Bu bölüm ilk olarak 2013 senesinde İstanbul'da basılan TDV İslâm Ansiklopedisi’nin 44. cildinde, 227-231 numaralı sayfalarda yer almıştır. Matbu nüshayı pdf dosyası olarak indirmek için tıklayınız.


TÜRKİYE DİYANET VAKFI
İSLAM ANSİKLOPEDİSİ
İlgili resim

23 Aralık 2019 Pazartesi

RİYÂZÜ'S SÂLİHÎN'DEN HADİS-İ ŞERİFLER ♥ ✿ܓ ♥ GÜÇSÜZ MÜSLÜMANLAR İLE FAKİRLERİN ve ADI SANI ANILMAYANLARIN DEĞERİ (3)

RİYÂZÜ'S SÂLİHÎN

GÜÇSÜZ MÜSLÜMANLAR İLE FAKİRLERİN ve

ADI SANI ANILMAYANLARIN DEĞERİ (3)

32

باب فضل ضعفة المسلمين والفقراء والخاملين


     260. Üsâme radıyallahu anh’den rivayet edildiğine göre Peygamber aleyhisselâm şöyle buyurdu:
     “Cennetin kapısında durup baktım. Bir de gördüm ki, içeri girenlerin çoğu yoksullardı. Zenginler ise hesap görmek için alıkonulmuştu. Cehennemlik olduğu kesinleşenlerin de ateşe girmesi emrolunmuştu.
     Cehennemin de kapısında durup baktım. Bir de gördüm ki, cehenneme girenlerin çoğu kadınlardı.”
Buhârî, Rikak 51, Nikâh 87;
Müslim, Zikir 93
  • Açıklamalar:
     Peygamber Efendimiz, bu hadiste görüldüğü gibi, cennet veya cehennem hayatına dair bilgiler vermiştir. Müstakbel hayatımıza dair bu enteresan bilgiler bizi şaşırtabilir ve “Resûl-i Ekrem’in bahsettiği bu olay ne zaman oldu? Daha kıyamet kopmadı ki! İnsanlar mahşerde toplanıp hesaba çekilmedi ki!” diye düşünmeye sevk edebilir.
     Şunu hiçbir zaman unutmamak gerekir:
     Bize bu bilgileri veren bir peygamberdir. Hiç kimsenin sahip olamayacağı bilgi edinme yollarına ve imkânlarına sahiptir. Allah Teâlâ ile kendisi arasında vahiy dediğimiz bir bilgi ağı vardır. Bu suretle o, insanların ulaşamayacağı bilgilere kolaylıkla erişir. Mi’rac olayı üzerinde dikkatle düşünülürse, Peygamber Efendimiz’in bu nevi bilgileri nasıl elde ettiği daha kolay anlaşılır. İleride meydana gelecek olayları Peygamber’ine şimdiden göstermek Allah Teâlâ için elbette bir problem değildir.
     Hadîs-i şerîfin fakirlere verdiği müjde ne kadar sevindirici ve gönül okşayıcıdır!.. Yoksulluğun ateşten gömleğine katlanan, hâlinden şikayet etmediği gibi isyana da kalkışmayan gani gönüllü fukarâya ne mutlu!..
     Yalnız müjdenin câzibesine kapılıp da eldeki sermayeyi büsbütün yele vermemek lâzım. Cennete girenlerin çoğunun fakir olduğunu öğrendik. Ama bu durum, dinimize göre fakirliğin mutlak surette zenginlikten üstün olduğunu göstermez. İlâhî emirlere uymayan bir fakirin İslâm’da hiçbir değeri yoktur. Fakiri değerli kılan, hâline sabretmesidir; Allah’ın verdiğine şükretmesidir; ibadetlerini ve görevlerini yerli yerince yapmasıdır.
     Zenginliğin de tıpkı fakirlik gibi bir imtihan yolu olduğu unutulmamalıdır.

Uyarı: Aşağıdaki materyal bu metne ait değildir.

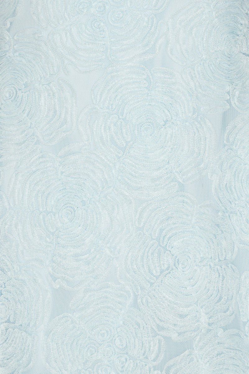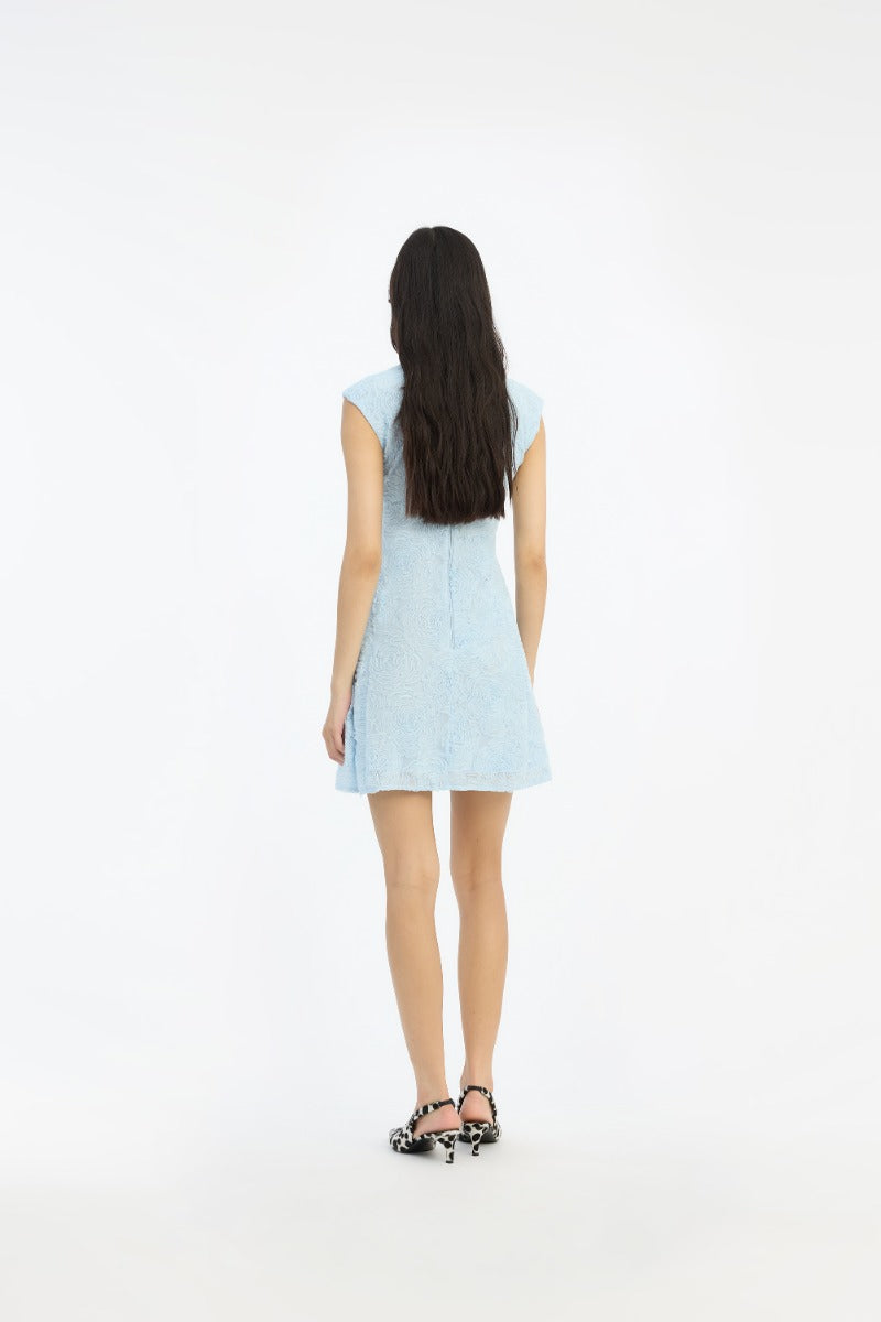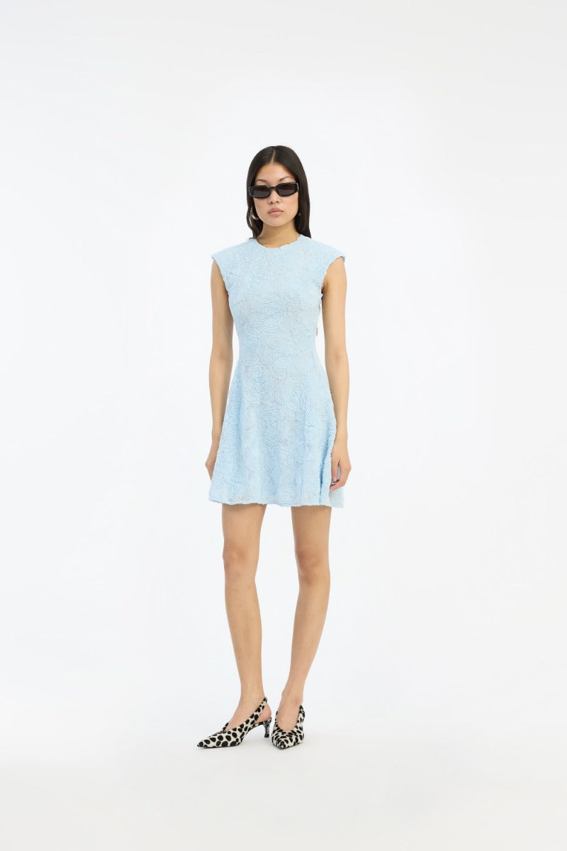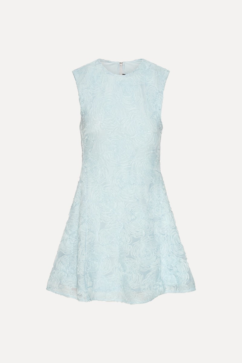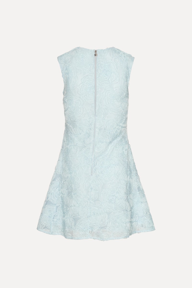 Nydelig minikjole i lys blå og 3D blomsterprint ton-i-ton fra Rotate. Ermløs kjole med elegant rund hals. Modellen sitter tett i overkropp, har markert midje og et voluminøst skjørt med lengde til midt på låret. Behagelig stretchy meshkvalitet som er tynt fóret. Lukking med skjult glidelås i ryggen. En nydleig kjole til sesongens garderobe.

Zenginlik çoğu zaman insanları azdırır ve dinin tavsiye ettiği orta yoldan uzaklaştırır. Fakir yokluk çeker ama, zenginlerin düştüğü kötülüklerden, azıp sapmalardan da korunmuş olur. Bu sebeple fakir, içinde bulunduğu durumun kendisi için daha hayırlı olabileceğini düşünerek hâline şükretmelidir.
     Hadisi Şerif'de fakirlere deniyor ki; şayet hâline sabreder ve Allah’ın rızâsını kazanmaya gayret edersen, cenneti zenginlerden daha kolay kazanırsın. Gösterdiğin bu uysallığın, sabır ve tahammülün mükâfatı olarak da onlardan önce cennete girersin...
     Zengin müslümanlara da birtakım görevler düşmektedir. Fakirlere kol kanat germek, yoksulluğun korkunç alevi ile daha fazla kavrulmalarına meydan vermemek, fukaralığın sonucu olarak günah ve isyan bataklığına yuvarlanmalarına engel olmak bu görevlerin başlıcasıdır.
     Aslına bakılırsa zenginin fakire yaptığı yardım, kendisine yaptığı yardım demektir. Çünkü zengin, yaptığı bu yardımla fakirin mânen güçlü olan elinden tutmakta ve o güçlü ellerin himmetiyle cennete doğru uçup gitmektedir. Bu sebeple zengin fakire kol kanat gererken, onu, sâyesinde cennete varacağı ve Allah’ın rızâsını kazanacağı bir vesile olarak görmelidir. Zira yaşadıkları bölgede fakirler olmasaydı, zenginler zekâtlarını vermek için kimbilir ne zorluklar çekeceklerdi! Üstelik insanlara yardım etmenin o doyumsuz zevkini tadamayacaklardı.
     Hadîs-i şerîfte bir hususa daha dikkatimiz çekiliyor. Zenginler fakirlerle birlikte cennete giremeyeceklerdir. Zira onlar dünyada refah içinde yaşamanın karşılığı olarak servetlerini nereden kazanıp nereye harcadıklarının hesabını vereceklerdir. Bu hesaptan sonra alnı ak olanlar cennete, olmayanlar ise cezalarını çekmek üzere cehenneme gideceklerdir. Şüphe yok ki, mahşerde hesaba çekilmek üzere beklemek, hayâl bile edilemeyecek kadar korkunç ve dayanılmaz bir işkencedir.
     Bir hadîs-i şerîfte zenginlerin fakirlerden yarım gün sonra, yani dünya hesabıyla beş yüz sene sonra cennete girebilecekleri bildiriliyor (Tirmizî, Zühd 37). Şayet insan sırf zenginliğinden dolayı hesap vermek üzere fakirlerden beş yüz yıl sonra cennete girebilecekse, demekki varlıklı olmak o kadar imrenilecek bir şey değildir.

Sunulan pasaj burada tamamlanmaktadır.